A good place to see the treemap in action is this visualization of the stockmarket. The map provides you with an overview of the (almost) real-time performance of 500 stocks. Each stock is a rectangle and is a different color, ranging from bright green to bright red. The larger the rectangle, the larger the market cap of the stock; the brighter the green (or red), the more the price has gone up (or down) since a point in time determined by the end user. The rectangles are grouped into market sectors. Mouseover a rectangle and you get a small pop-up window with some basic information; click on the rectangle and you get a menu that will take you to webpages with more information about that stock. It’s amazing how much information you have at your disposal in such a small and pretty easily navigable space.

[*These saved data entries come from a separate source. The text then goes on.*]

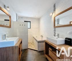 Édifiée sur un terrain plat de 1 680 m², elle dispose d'une piscine, d'un spa, d'un grand parking et d'un local de stockage de 12 m² fermé par un volet roulant électrique.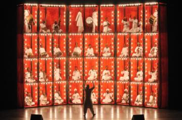 Directed by Indian director Roysten Abel, ‘The Manganiyar Seduction’ uses theatre to create magic in music. The musicians are seated on the stage in a four-storeyed bank of lighted pods  – a combination of Jaipur's Hawa Mahal and the Amsterdam red light district.  The set, which looks like a magic box, has 36 red-curtained cubicles arranged in four horizontal rows one on top of the other.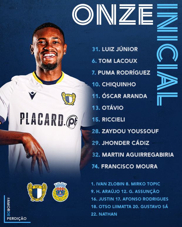Famalicão: Luiz Júnior (31); Martín Aguirregabiria (32), Riccieli (15) C, Otávio (13) e Francisco Moura (74); Lacoux (6) e Zaydou Youssouf (28); Aranda (11), Chiquinho (10) e Puma Rodríguez (7); Jhonder Cádiz (29)

Why not apply this technology to a database like the ESTC? After a search returns 638 items, say, you ask the database to give you a treemap where the items are grouped by publisher, or by year, or by author. The size of the rectangle could be the number of pages (or words) in the work; the color could be the distance between the city of publication and some geographical point of your choosing. You would then be able to spot certain patterns, or unusual individual entries in a way that would be much more cumbersome (or even impossible) with the current list-based results.
If you know of any other such visualization tools that prove useful along these lines, I’d like to know about them.
* Disclaimer: It’s been a year since I’ve used the ESTC,m so it might have changed. The university where I work now does not, unfortunately, subscribe.